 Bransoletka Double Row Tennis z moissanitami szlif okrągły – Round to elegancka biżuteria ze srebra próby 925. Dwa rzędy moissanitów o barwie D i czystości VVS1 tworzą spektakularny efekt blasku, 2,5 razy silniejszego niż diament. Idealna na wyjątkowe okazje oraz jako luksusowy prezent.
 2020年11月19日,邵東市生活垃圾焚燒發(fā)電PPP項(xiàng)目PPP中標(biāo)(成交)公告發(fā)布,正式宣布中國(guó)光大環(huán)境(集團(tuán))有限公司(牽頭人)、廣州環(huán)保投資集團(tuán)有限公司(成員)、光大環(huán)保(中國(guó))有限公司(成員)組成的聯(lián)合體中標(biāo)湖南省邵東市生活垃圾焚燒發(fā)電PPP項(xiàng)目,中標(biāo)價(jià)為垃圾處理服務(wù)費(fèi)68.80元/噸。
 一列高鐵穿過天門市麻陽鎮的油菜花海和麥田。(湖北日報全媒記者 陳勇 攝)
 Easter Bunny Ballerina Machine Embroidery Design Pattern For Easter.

...

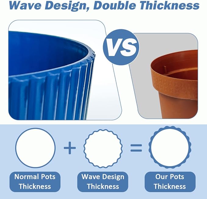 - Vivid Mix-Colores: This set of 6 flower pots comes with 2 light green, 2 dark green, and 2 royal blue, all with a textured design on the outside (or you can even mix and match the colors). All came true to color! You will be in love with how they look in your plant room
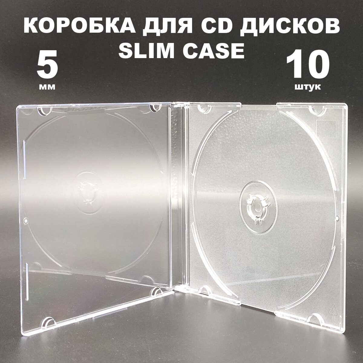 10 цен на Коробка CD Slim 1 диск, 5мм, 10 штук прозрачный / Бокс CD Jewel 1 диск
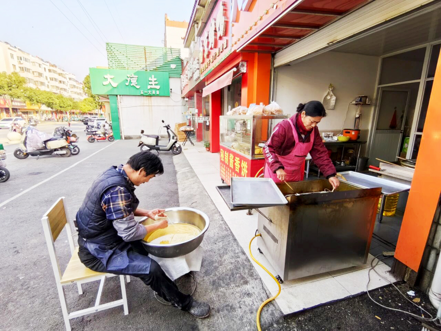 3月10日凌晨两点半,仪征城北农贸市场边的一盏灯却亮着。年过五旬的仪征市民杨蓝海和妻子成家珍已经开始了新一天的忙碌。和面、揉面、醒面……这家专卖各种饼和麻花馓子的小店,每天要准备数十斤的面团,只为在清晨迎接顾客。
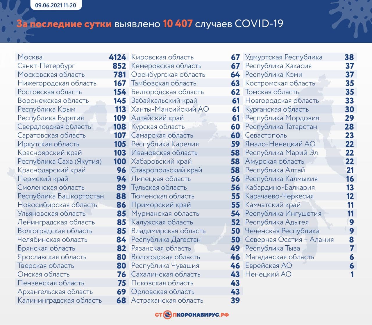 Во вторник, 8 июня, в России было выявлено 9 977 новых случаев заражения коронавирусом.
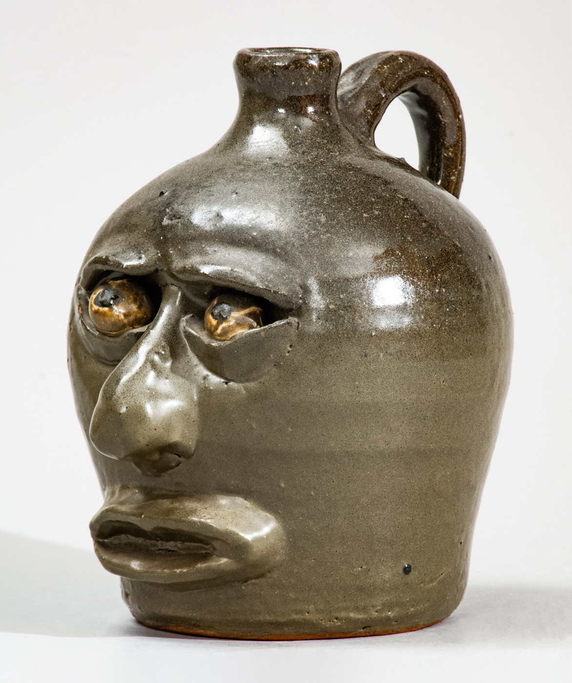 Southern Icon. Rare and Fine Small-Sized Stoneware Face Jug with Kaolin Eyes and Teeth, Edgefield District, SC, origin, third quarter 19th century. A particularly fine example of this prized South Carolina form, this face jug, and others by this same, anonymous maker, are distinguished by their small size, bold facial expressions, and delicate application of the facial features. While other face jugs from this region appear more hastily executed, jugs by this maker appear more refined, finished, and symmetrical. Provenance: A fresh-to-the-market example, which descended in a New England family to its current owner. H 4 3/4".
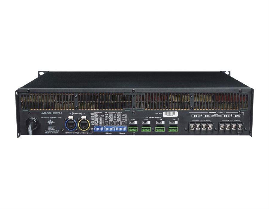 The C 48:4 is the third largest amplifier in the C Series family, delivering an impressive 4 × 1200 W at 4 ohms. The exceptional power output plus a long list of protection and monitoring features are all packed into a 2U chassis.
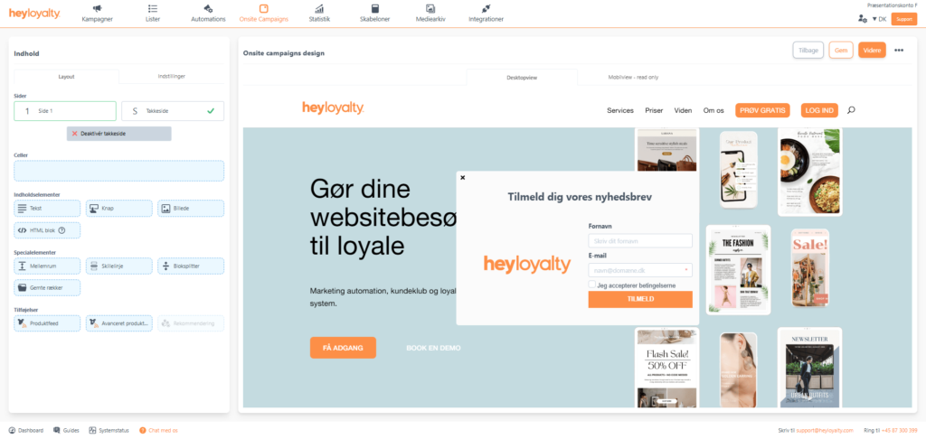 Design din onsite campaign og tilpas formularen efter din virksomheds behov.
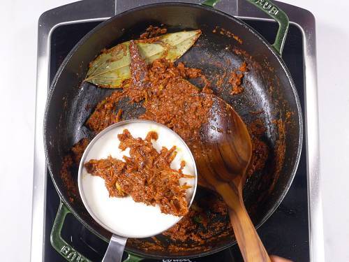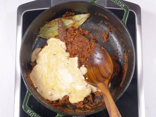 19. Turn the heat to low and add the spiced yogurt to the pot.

- PROBLEM DETAILS
Set down exactly the lines above, from the line containing "Southern Icon. Rare" through the line containing "19. Turn the". Skip the pictures.

- TASK SOLUTION
 Southern Icon. Rare and Fine Small-Sized Stoneware Face Jug with Kaolin Eyes and Teeth, Edgefield District, SC, origin, third quarter 19th century. A particularly fine example of this prized South Carolina form, this face jug, and others by this same, anonymous maker, are distinguished by their small size, bold facial expressions, and delicate application of the facial features. While other face jugs from this region appear more hastily executed, jugs by this maker appear more refined, finished, and symmetrical. Provenance: A fresh-to-the-market example, which descended in a New England family to its current owner. H 4 3/4".
 The C 48:4 is the third largest amplifier in the C Series family, delivering an impressive 4 × 1200 W at 4 ohms. The exceptional power output plus a long list of protection and monitoring features are all packed into a 2U chassis.
 Design din onsite campaign og tilpas formularen efter din virksomheds behov.
 19. Turn the heat to low and add the spiced yogurt to the pot.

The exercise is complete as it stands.